Source data:
────

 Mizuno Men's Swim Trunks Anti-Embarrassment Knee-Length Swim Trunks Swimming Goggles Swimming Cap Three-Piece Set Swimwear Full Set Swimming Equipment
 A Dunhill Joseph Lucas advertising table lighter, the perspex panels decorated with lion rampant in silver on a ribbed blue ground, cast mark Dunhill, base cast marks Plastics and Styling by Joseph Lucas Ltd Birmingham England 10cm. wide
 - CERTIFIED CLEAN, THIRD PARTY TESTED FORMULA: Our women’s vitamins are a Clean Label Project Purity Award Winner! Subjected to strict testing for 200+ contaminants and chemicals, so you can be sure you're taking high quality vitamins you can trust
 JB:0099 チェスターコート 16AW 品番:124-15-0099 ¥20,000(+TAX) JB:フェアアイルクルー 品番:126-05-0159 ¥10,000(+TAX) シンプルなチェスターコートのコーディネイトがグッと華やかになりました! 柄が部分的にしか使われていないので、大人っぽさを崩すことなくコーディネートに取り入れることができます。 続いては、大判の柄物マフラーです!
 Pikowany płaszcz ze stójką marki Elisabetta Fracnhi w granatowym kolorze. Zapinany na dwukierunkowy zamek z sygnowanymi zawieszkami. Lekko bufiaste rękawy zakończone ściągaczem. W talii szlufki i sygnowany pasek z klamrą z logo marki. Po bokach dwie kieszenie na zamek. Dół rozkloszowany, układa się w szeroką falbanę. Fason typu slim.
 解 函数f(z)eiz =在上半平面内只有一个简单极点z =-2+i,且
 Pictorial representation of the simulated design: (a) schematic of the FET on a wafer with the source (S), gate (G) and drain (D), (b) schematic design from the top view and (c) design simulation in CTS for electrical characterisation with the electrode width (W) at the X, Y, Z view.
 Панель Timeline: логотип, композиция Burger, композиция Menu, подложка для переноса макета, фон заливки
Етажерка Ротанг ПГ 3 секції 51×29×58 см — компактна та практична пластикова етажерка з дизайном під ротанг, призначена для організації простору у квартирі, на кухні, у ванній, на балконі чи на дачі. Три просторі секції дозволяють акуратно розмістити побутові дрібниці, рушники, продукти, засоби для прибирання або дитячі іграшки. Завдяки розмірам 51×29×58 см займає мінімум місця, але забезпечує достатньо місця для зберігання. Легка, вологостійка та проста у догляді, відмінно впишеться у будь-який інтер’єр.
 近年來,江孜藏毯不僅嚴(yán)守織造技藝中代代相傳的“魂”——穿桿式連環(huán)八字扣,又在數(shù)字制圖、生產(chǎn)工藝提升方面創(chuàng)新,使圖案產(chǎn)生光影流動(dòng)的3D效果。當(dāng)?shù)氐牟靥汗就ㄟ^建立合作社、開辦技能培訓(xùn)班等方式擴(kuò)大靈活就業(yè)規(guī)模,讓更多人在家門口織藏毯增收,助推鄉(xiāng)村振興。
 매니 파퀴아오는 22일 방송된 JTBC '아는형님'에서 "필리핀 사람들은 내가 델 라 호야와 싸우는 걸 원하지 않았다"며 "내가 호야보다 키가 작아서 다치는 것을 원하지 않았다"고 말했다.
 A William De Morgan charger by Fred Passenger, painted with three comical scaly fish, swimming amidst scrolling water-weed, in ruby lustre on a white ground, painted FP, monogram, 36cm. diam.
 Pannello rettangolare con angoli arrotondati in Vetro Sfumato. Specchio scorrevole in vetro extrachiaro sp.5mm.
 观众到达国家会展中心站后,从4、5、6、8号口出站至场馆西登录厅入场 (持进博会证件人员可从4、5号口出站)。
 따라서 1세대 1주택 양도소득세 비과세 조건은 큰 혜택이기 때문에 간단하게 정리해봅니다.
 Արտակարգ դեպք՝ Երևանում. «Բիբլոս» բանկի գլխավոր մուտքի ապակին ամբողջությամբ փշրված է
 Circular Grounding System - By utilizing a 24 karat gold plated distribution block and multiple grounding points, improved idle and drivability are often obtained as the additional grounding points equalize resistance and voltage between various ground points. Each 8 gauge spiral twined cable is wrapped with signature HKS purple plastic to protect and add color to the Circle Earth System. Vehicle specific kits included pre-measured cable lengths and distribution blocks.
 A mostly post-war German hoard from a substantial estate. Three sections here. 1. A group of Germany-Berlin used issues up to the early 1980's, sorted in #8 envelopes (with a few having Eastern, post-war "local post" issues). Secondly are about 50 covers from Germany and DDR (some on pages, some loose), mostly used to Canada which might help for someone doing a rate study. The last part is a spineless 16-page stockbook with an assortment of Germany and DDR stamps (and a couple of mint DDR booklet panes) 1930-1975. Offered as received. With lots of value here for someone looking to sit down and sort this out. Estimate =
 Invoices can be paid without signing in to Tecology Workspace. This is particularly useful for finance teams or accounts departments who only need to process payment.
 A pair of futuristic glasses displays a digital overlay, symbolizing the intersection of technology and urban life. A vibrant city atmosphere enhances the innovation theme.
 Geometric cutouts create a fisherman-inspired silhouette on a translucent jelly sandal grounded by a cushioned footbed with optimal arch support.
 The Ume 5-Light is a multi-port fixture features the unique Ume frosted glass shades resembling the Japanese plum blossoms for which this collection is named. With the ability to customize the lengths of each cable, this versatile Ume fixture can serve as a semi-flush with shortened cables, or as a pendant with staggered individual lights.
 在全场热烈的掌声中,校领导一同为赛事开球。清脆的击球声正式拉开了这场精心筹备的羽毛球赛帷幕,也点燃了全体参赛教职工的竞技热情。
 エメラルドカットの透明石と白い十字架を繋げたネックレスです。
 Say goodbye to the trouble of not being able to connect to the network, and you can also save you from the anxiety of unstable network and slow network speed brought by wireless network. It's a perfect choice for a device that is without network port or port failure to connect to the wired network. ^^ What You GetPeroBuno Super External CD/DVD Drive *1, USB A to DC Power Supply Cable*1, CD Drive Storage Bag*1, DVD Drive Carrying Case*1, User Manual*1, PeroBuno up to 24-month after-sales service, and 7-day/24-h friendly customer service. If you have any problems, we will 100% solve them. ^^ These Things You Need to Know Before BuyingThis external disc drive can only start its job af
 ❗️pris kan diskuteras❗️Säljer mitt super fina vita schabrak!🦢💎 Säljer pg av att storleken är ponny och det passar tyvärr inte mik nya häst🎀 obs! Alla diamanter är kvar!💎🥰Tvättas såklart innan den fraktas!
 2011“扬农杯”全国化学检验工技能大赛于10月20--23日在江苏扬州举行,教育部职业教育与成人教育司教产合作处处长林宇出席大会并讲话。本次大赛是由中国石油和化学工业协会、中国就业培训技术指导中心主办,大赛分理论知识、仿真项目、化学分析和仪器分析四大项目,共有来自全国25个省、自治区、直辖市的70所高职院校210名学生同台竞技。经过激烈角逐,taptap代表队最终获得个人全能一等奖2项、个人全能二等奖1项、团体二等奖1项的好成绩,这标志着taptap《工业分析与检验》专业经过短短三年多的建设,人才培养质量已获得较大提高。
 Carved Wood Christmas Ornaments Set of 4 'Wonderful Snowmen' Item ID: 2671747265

────

Brief: Starting at the line with "在全场热烈的掌声中,校领导一", restate each line through the end of the records, both ends included, and stop there.

Exercise result:
 在全场热烈的掌声中,校领导一同为赛事开球。清脆的击球声正式拉开了这场精心筹备的羽毛球赛帷幕,也点燃了全体参赛教职工的竞技热情。
 エメラルドカットの透明石と白い十字架を繋げたネックレスです。
 Say goodbye to the trouble of not being able to connect to the network, and you can also save you from the anxiety of unstable network and slow network speed brought by wireless network. It's a perfect choice for a device that is without network port or port failure to connect to the wired network. ^^ What You GetPeroBuno Super External CD/DVD Drive *1, USB A to DC Power Supply Cable*1, CD Drive Storage Bag*1, DVD Drive Carrying Case*1, User Manual*1, PeroBuno up to 24-month after-sales service, and 7-day/24-h friendly customer service. If you have any problems, we will 100% solve them. ^^ These Things You Need to Know Before BuyingThis external disc drive can only start its job af
 ❗️pris kan diskuteras❗️Säljer mitt super fina vita schabrak!🦢💎 Säljer pg av att storleken är ponny och det passar tyvärr inte mik nya häst🎀 obs! Alla diamanter är kvar!💎🥰Tvättas såklart innan den fraktas!
 2011“扬农杯”全国化学检验工技能大赛于10月20--23日在江苏扬州举行,教育部职业教育与成人教育司教产合作处处长林宇出席大会并讲话。本次大赛是由中国石油和化学工业协会、中国就业培训技术指导中心主办,大赛分理论知识、仿真项目、化学分析和仪器分析四大项目,共有来自全国25个省、自治区、直辖市的70所高职院校210名学生同台竞技。经过激烈角逐,taptap代表队最终获得个人全能一等奖2项、个人全能二等奖1项、团体二等奖1项的好成绩,这标志着taptap《工业分析与检验》专业经过短短三年多的建设,人才培养质量已获得较大提高。
 Carved Wood Christmas Ornaments Set of 4 'Wonderful Snowmen' Item ID: 2671747265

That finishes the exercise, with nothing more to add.